Foundry provides an integrated toolkit combining RFDiffusion3 (rfd3), LigandMPNN (mpnn), and RoseTTAFold3 (rf3) for comprehensive protein design workflows. It supports native runs without containers (uses `-e none`).

#### Complete workflow example

> [!NOTE]
> Each `rc run` invocation will produce a separate log file. So even though
> these commands are run as part of a workflow, each will produce its own log file.
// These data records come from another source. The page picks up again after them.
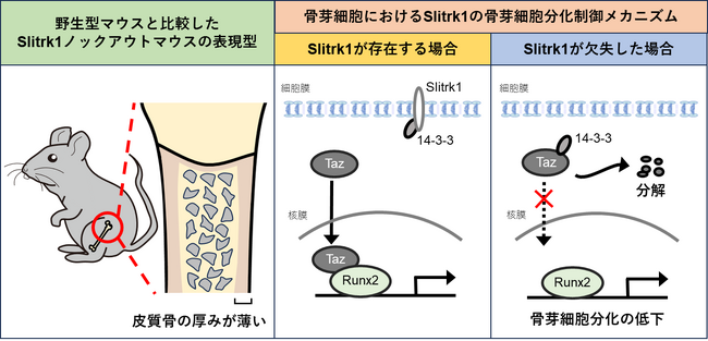Slitrk1が欠失したマウス(Slitrk1ノックアウトマウス)では皮質骨の厚みが減少しました。また、Slitrk1は骨芽細胞に存在し、骨芽細胞の分化・成熟とともにその量が増加すること、Slitrk1が存在しない骨芽細胞では、骨芽細胞の分化・成熟の能力が低下することが明らかになりました。Slitrk1が骨芽細胞の分化に関わるメカニズムとしてTazというタンパクと14-3-3タンパクに着目しました。Tazは骨芽細胞分化のマスターレギュレーターであるRunx2の転写共役因子で、骨芽細胞分化を促進することが知られています。Slitrk1ノックアウトマウスの骨芽細胞ではTAZのタンパク量が低下していることを確認しました。また、Slitrk1と14-3-3タンパクの結合ができなくなると、Tazのタンパクが分解され、減少することを明らかにしました。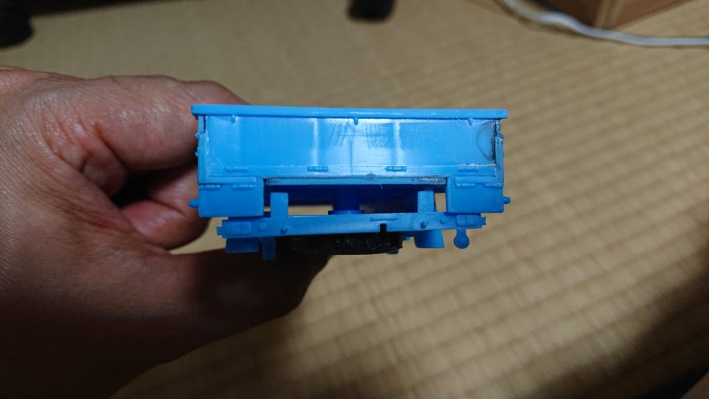 上の写真のように、荷台とシャーシの間に円柱形の柱がある。これがネジの受けとなる部分。ここだけはかなり目立つので切り落とす。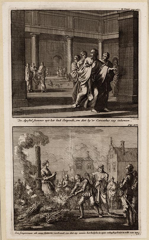 De apostel Joannes uyt het bad loopende, om dat hy´e...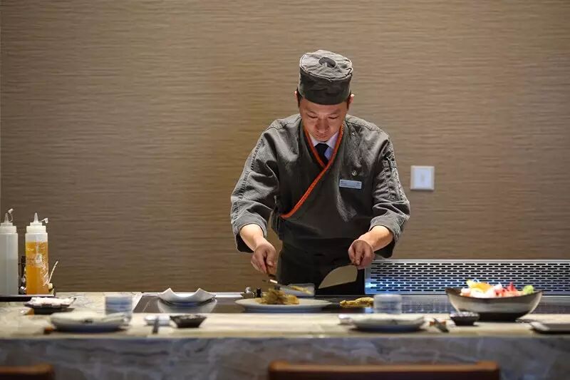 █雅日本餐厅提供的私人订制铁板烧每人888元,另需加收15%的服务费,确实价格不菲。不过,当萌萌哒小编推开豪华铁板烧包房大门的瞬间,立马转变了想法,这钱花得值啊!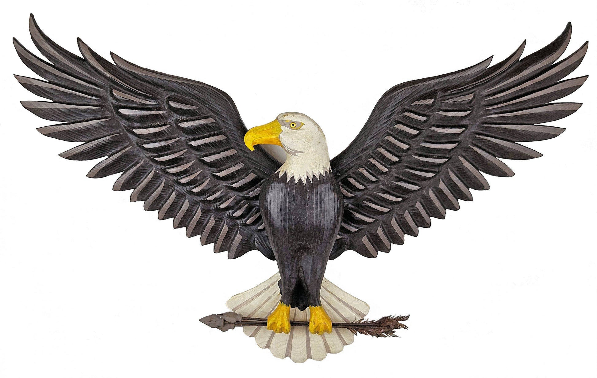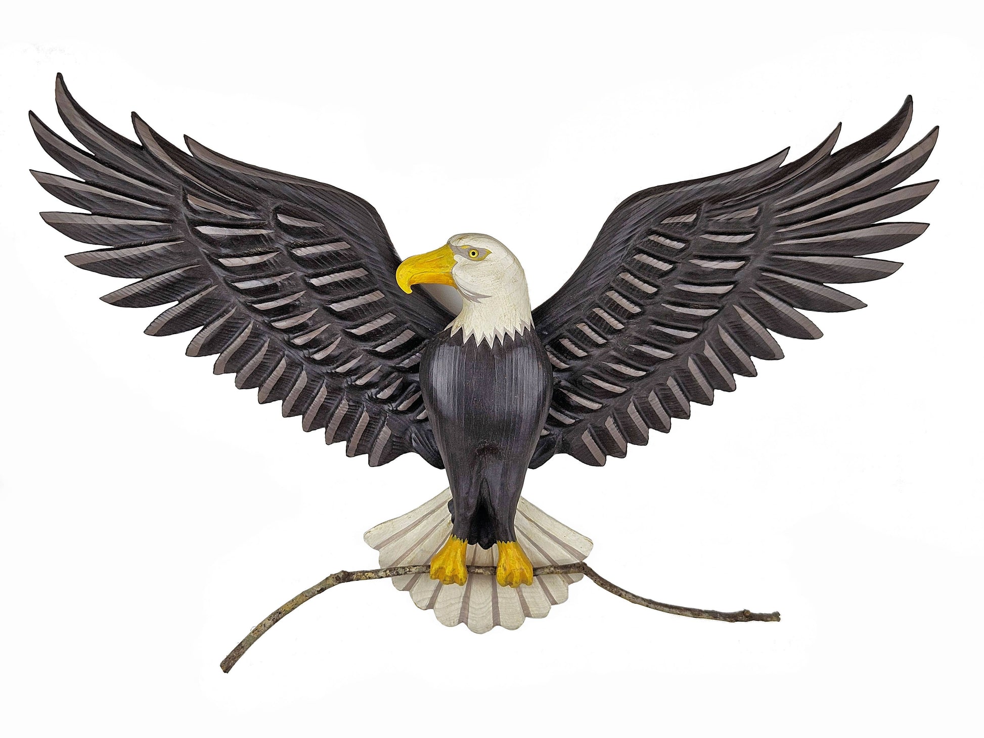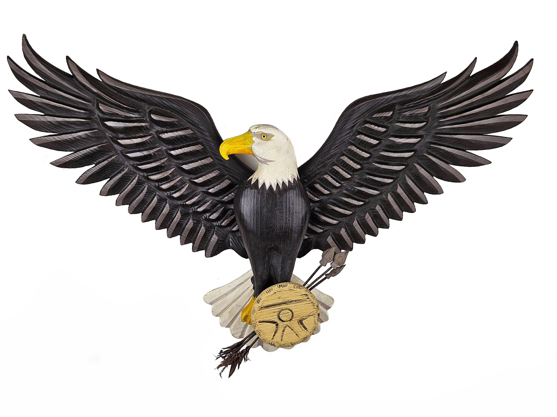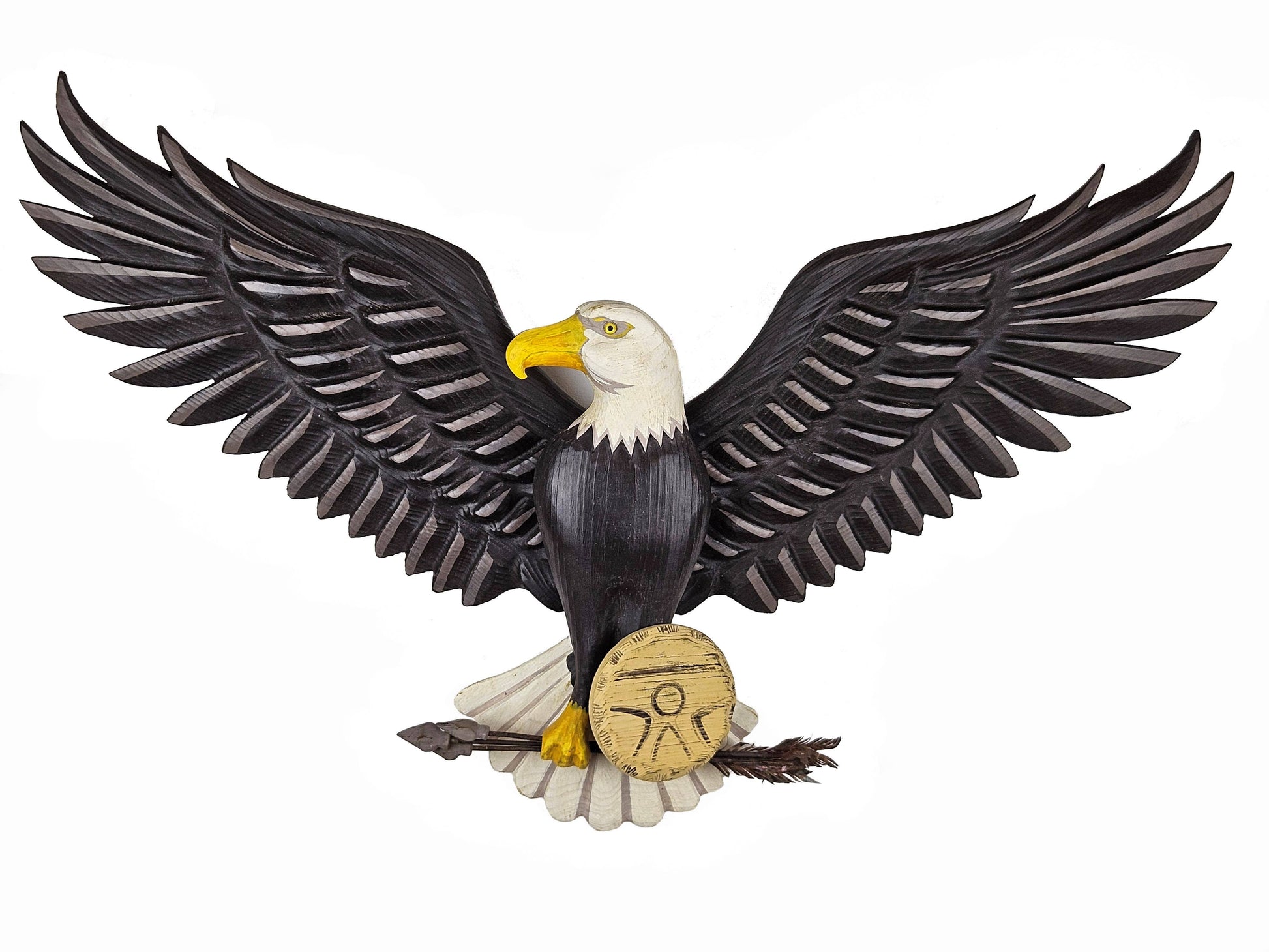This carved eagle is created using only domestic materials from the US: locally sourced, sustainably harvested cedar, custom mixed paints, salvaged copper, and crystal eyes. This wall-mounted carving hangs securely from hangers on the reverse, just like a picture frame.

First, create an input JSON file (e.g., `input.json`):

```bash
echo '{ "foundry": { "length": "10" } }' > input.json
```

Then run the three-step workflow:

**Step 1: Run RFDiffusion3 for structure generation**

```bash
rc run foundry rfd3 \
out_dir=rfd3_out/ \
inputs=input.json \
skip_existing=False \
prevalidate_inputs=True \
n_batches=1 \
diffusion_batch_size=1 \
inference_sampler.num_timesteps=10 \
low_memory_mode=True \
global_prefix=design_
```

**Step 2: Run LigandMPNN for sequence design**

```bash
rc run foundry mpnn \
--structure_path rfd3_out/design_foundry_0_model_0.cif.gz \
--is_legacy_weights True \
--model_type ligand_mpnn \
--out_directory mpnn_out
```

**Step 3: Run RoseTTAFold3 for structure prediction**

```bash
rc run foundry rf3 fold \
inputs=mpnn_out/design_foundry_0_model_0.cif_b0_d0.cif \
diffusion_batch_size=1 \
num_steps=10 \
out_dir=rf3_out
```

#### Using explicit weights specification

You can specify custom checkpoint paths for the models:

```bash
# RFDiffusion3 with custom checkpoint
rc run foundry rfd3 \
out_dir=rfd3_out/ \
inputs=input.json \
ckpt_path=/weights/rfd3_latest.ckpt \
skip_existing=False \
prevalidate_inputs=True \
n_batches=1 \
diffusion_batch_size=1 \
inference_sampler.num_timesteps=10 \
low_memory_mode=True \
global_prefix=design_

# LigandMPNN with custom checkpoint
rc run foundry mpnn \
--structure_path rfd3_out/design_foundry_0_model_0.cif.gz \
--checkpoint_path /weights/ligandmpnn_v_32_010_25.pt \
--is_legacy_weights True \
--model_type ligand_mpnn \
--out_directory mpnn_out

# RoseTTAFold3 with custom checkpoint
rc run foundry rf3 fold \
inputs=mpnn_out/design_foundry_0_model_0.cif_b0_d0.cif \
ckpt_path=/weights/rf3_foundry_01_24_latest_remapped.ckpt \
diffusion_batch_size=1 \
num_steps=10 \
out_dir=rf3_out
```

### General Options

#### Using with different working directory

```bash
rc run -w /data/structures rosetta score \
-out:file:scorefile results/scores.sc \
-in:file:s protein.pdb
```

#### Using Singularity instead of Docker

```bash
rc run -e singularity rosetta score \
-in:file:s structure.pdb
```

## Verbose Mode

Enable verbose output with the `-v` flag:

```bash
rc -v run rosetta score -in:file:s structure.pdb
```

This will show detailed information including the exact command being executed and where it's being logged.